Allowing what is to be; to not resist, feels counter intuitive at times, but I came across a beautifully written article by Dr. Dennis Thomas, a veterinarian of over 30 years who practices both Eastern and Western Medicine. Reading and rereading his insights on cancer in pets has become my solace when feeling overwhelmed. Please click here for the full article. These paragraphs in particular have helped me hold it together.

“When you are no longer under the control of your harmful thoughts and emotions, you will find a peaceful place within that space.  From that place you are naturally open to what needs to be done for your pet.  It is no longer about you and your response.  You are now in alignment with the pet’s needs and you will be directed in your choices and decisions. You will find yourself allowing life to do what it needs to do, and you will be in a position to cooperate to the fullest with what life presents to you.  You will no longer be attacking the cancer, and the cancer will no longer be responding to your attacks. Universal laws tell us that what you attack, you only make stronger.

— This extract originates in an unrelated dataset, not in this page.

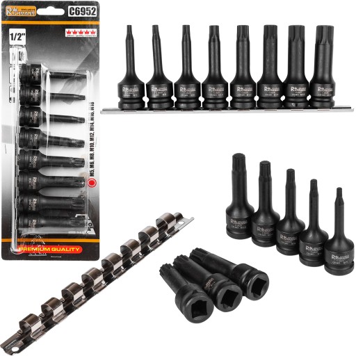 НАБОР ИЗ 8 ЭЛЕМЕНТОВ ШПЛЕНКОВЫХ УДАРНЫХ ГОЛОВОК 1/2 M5-M18 + ПОЛОСКА

Be forewarned, aligning yourself with an attitude of allowing cancer to be, may cause the ego-mind to react, and it may tell you that you are giving up.  That is not the case. You will still take steps to address the cancer, but now you will be guided by loving energy instead of fear.  There will be ease of movement instead of resistance—and there will be no suffering.”

I am committed to the balance of showing Manzana all the love she missed out on in her life, keeping her happy and comfortable, being positive for her, and to being open and aware of her wishes. I want to make sure she can feel safe to let me know when she’s ready, all the while clearly hoping for a miracle.

I’m not sure where all this will lead, but I do feel I am meant to be having this experience. I often feel ill equipped and crippled with grief, but I am learning, and loving, and I guess you could say, walking the walk. Have I mentioned I’m scared? In the end, what I can do is to proceed with gratitude for the gift of another tiny soul who is teaching me so much.